1. Welcome to SportsJournalists.com, a friendly forum for discussing all things sports and journalism.

    Your voice is missing! You will need to register for a free account to get access to the following site features:
    • Reply to discussions and create your own threads.
    • Access to private conversations with other members.
    • Fewer ads.

    We hope to see you as a part of our community soon!

Life of Reilly: The rise, fall and rise again

Discussion in 'Journalism topics only' started by HanSenSE, Jun 12, 2019.

  1. HanSenSE

    HanSenSE Well-Known Member

  2. Alma

    Alma Well-Known Member

    Wrote some of my favorite longform pieces.

    Fundamentally, Reilly's humor and style just didn't carry over into the fierce Internet age we're in, and instead of sportswriters coming around the guy and holding up great work, they cut him down. I didn't know him so, perhaps, he wasn't/isn't that likable. But the industry took a big pound of flesh out of him and I still don't think, not really, he's over it. Reading that story, I didn't get the sense of that. It also seemed like ESPN shifted from underneath his feet from what it long was to a progressive media organization for 4-6 years. He was a bad fit for it.
     
  3. playthrough

    playthrough Moderator Staff Member

    I'll always think of the "I had it first on Twitter!" ridiculousness in Pittsburgh with Reilly's ESPN career. He didn't do himself a lot of favors, but he sure made bank.

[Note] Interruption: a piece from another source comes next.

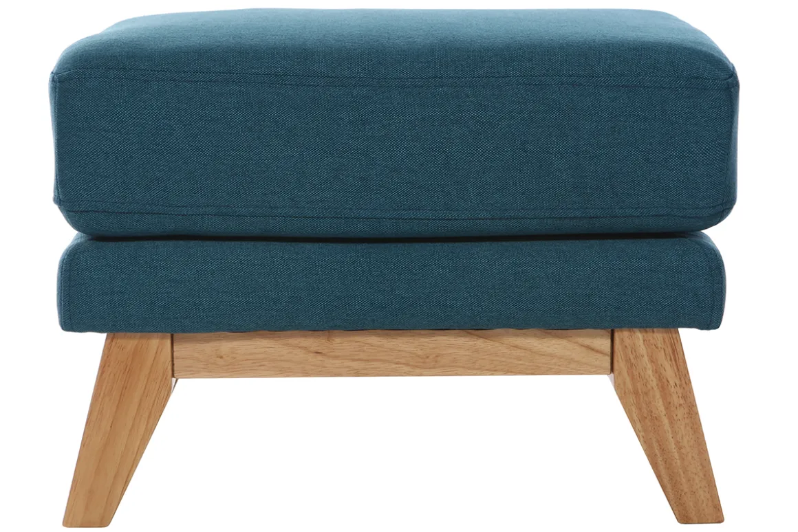 Pouf repose-pieds déhoussable scandinave en tissu bleu canard et bois clair OSLO livré à assembler. Montage simple, seuls les pieds sont à fixer.

    Great point about his humor though. His SI stuff was great but if he had an occasional groaner of a line, so what? You couldn't blowtorch him on Twitter.
     
    gravehunter likes this.
  4. DanOregon

    DanOregon Well-Known Member

    Good writer - bad humorist. I remember at least one back pager for SI when he wrote about how hard it was to come up with 800 words a week (being the highest paid writer at the time). For all the great leads people sent him - he coasted for most of his time in the back of the mag.
     
    Alma likes this.
  5. Azrael

    Azrael Well-Known Member


    stop
     
    PCLoadLetter likes this.
  6. CD Boogie

    CD Boogie Well-Known Member

    He took the money. Worse people have done worse things. But in this industry especially, when you sell out, the knives are not only out but people have a venue to use them.
     
  7. CD Boogie

    CD Boogie Well-Known Member

    Why exactly? To act like the WWL under Skipper wasn't under the stewardship of a social justice warrior would seem to be ignoring facts. From the Undefeated to Jemele and Michael on Sportscenter, it was a pretty progressive regime. Rob King basically had every job under the umbrella there; if you can show me his successes, I'll listen.
     
    Joe Williams likes this.
  8. Alma

    Alma Well-Known Member

    He sold out who? Sports Illustrated?

    ESPN wasn’t a bunch of slaps bumbling around the yard when he joined it. And ESPN always overpaid for stuff in that era. Writers. TV rights. Everything.
     
  9. CD Boogie

    CD Boogie Well-Known Member

    He sold out his freaking soul, like anyone else would have done. It's pretty baseline psychology and it's borne out in everything he did after joining the mothership. He flailed and failed. But he got paid, so kudos. Ya can't have everything.

    Now he's reborn as a Trump antagonist? Great fucking career move; nobody is working those boards...
     
  10. Azrael

    Azrael Well-Known Member

    In what way did the "progressive regime" directly affect Rick Reilly's performance there?
     
  11. CD Boogie

    CD Boogie Well-Known Member

    I didn't say it did. Alma's comment might have been tangential, but it doesn't make it wrong.
     
  12. Azrael

    Azrael Well-Known Member

    Alma implied that ESPN's "progressivism" was part of Reilly's problem there.

    It was not.

    Rick Reilly is simply not good at television.

    Not everything needs to be strained through Alma's colander of politics and culture.
     
    Fred siegle and HanSenSE like this.